French fan-translation of “Drømmer om storhet”
by Pål H. Christiansen
translation: Valérie Siondecine
Devant la maison de Madame Høilund je restai assis un moment sur le vélo pour rassembler mes forces. Certes sur le chemin du retour il y avait pas mal de descentes mais je n’avais pas l’habitude de faire du vélo et en plus la visite chez Madame Høilund m’avait usé tant sur le plan physique que moral.
Je démarrai. Une côte menait aux environs de la colline d’Holmenkollen. Des feuilles humides recouvraient la chaussée et de chaque côté se trouvaient de grandes et onéreuses villas avec des jardins spacieux et des allées, qui devaient représenter pour les services municipaux une énorme charge de travail concernant le déblaiement de la neige en hiver. Dieu merci j’habitais en appartement.
Pouvais-je assumer d’avoir laisser Madame Høilund seule sans m’assurer que tout allait bien? Elle n’avait pas l’air bien du tout. Mais Hermann avait dit qu’elle allait atteindre cent ans. C’était un expert, je pouvais compter sur lui.
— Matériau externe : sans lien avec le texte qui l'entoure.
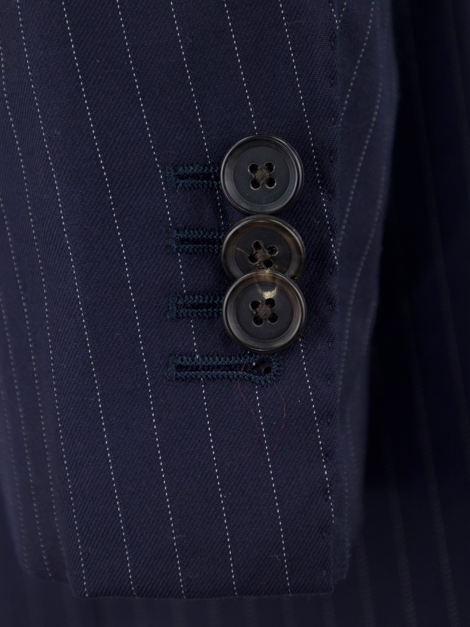 Also known as stacked buttons or waterfall buttons, kissing buttons are associated with Italian tailoring as Italian tailors make their jacket sleeve buttons in the kissing style. In this style, buttons touch each other and overlap one another. Handmade buttonholes; Even this step, apparently the simplest, is treated with an abundance of detail. Attaching the buttons is a job that requires patience and must be completed to perfection.

Comment la vieille dame pouvait réussir à boire toute l’eau gazeuse en une semaine? Cela me paraissait complètement incompréhensible. Et ne parlons pas du chou-fleur!Mais je comprenais mon devoir de réserve. C’est le genre de questions que je ne devais pas me poser.
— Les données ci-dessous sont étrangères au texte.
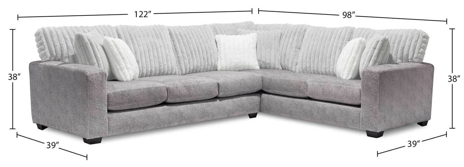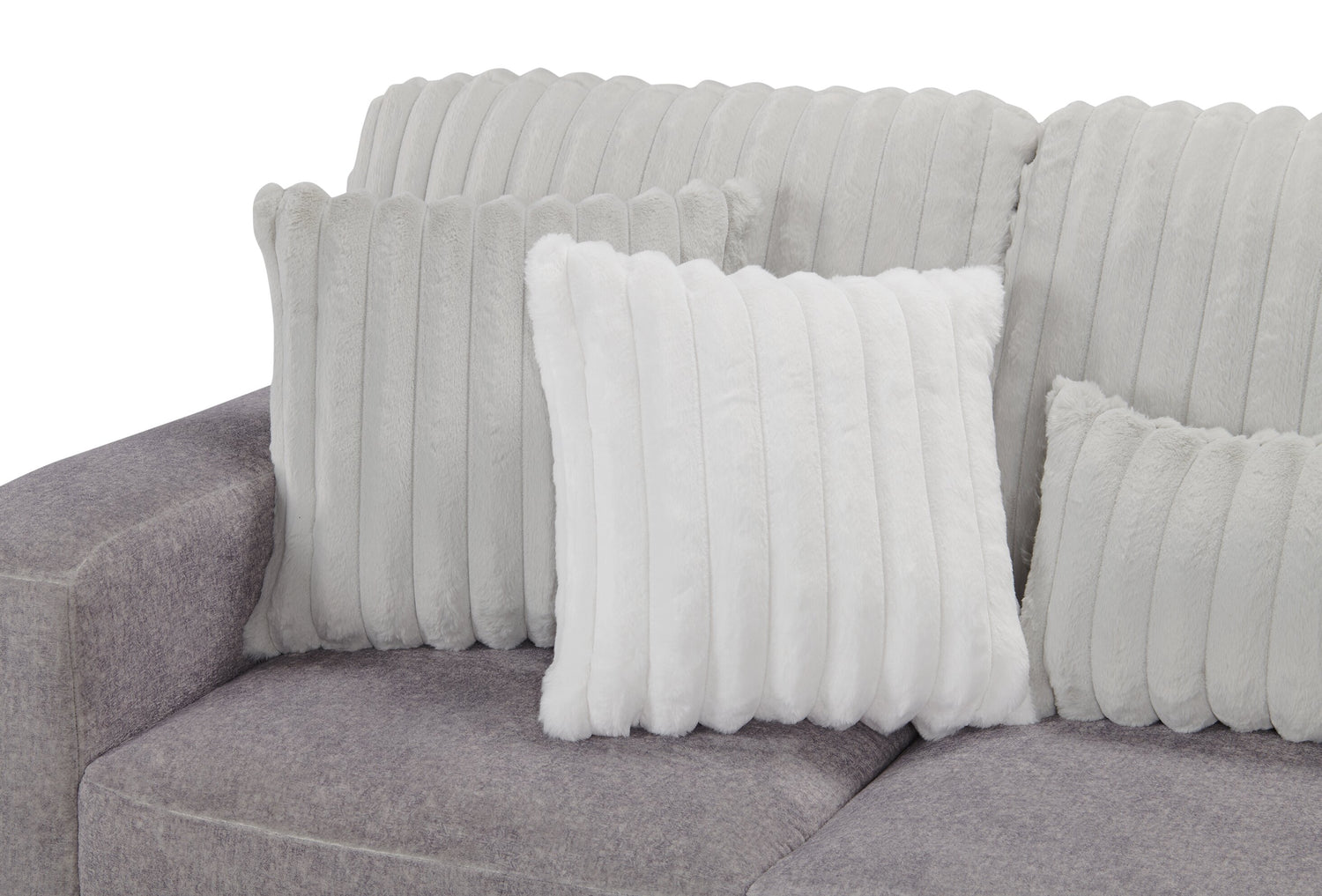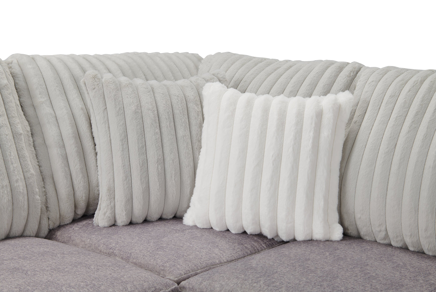 | Détails décoratifs | Le polyester gris clair à rainures enveloppe le coussin de dossier et les coussins décoratifs afin de créer une apparence unique de tissus contrastants. |

Tout en haut de la côte apparut un couple avec un landau. Ils riaient et trainassaient. En voilà des parents heureux avec leur premier enfant en promenade automnale! Une belle petite famille en vadrouille. Papa a pensé aux biberons et aux couches. Maman a emmitouflé le petit contre les rigueurs du froid.
Les rires se rapprochèrent. Le père était penché sur le bébé et le chatouillait en riant encore plus. Comme si les enfants étaient des jouets. Il fallait prendre sacrément les enfants au sérieux, selon moi. Pouvait-on dire du bien sur les enfants? Non, pas moi en tout cas.
Je ne voulais pas aller trop vite en besogne et être juste. Je refusais de tirer des conclusions trop hâtives. Je voulais tout bonnement laisser leur chance aux enfants.
Je me penchai en avant et me mis à réfléchir quelques instants tandis que le couple se rapprochait. La femme avait des cheveux bruns, la trentaine et à ses côtés une espèce de grand type qui flânait de façon nonchalante. Ils paraissaient faire une promenade dominicale en pleine semaine.
Il me vînt une idée positive à l’égard des enfants: c’étaient de loin les meilleurs adversaires au Scrabble. Ils étaient faciles à battre. Je me rappelais comment j’avais joué au Scrabble avec le neveu d’Helle il y a quelques années. Cela avait été un moment sympa. C’était quoi son nom déjà? Håkon? Harald? Un prénom royal en tout cas.
Le couple arrivait au coin de la rue où j’étais posté sur mon vélo à philosopher. La femme ne paraissait pas norvégienne et faisait tout petite à côté de l’homme. Quelque chose me faisait dire que ces deux-là étaient juste de passage. C’est pour cela qu’ils sont joyeux, pensai-je; et je les comprenais très bien. Une famille, qui se trouvait volontairement pour quelques jours en Norvège devait être joyeuse rien qu’à l’idée de quitter bientôt le pays. Ils avaient l’air d’assumer complètement et librement cette invention nommée Norvège, flânant comme des touristes dans cet endroit tranquille et paradisiaque.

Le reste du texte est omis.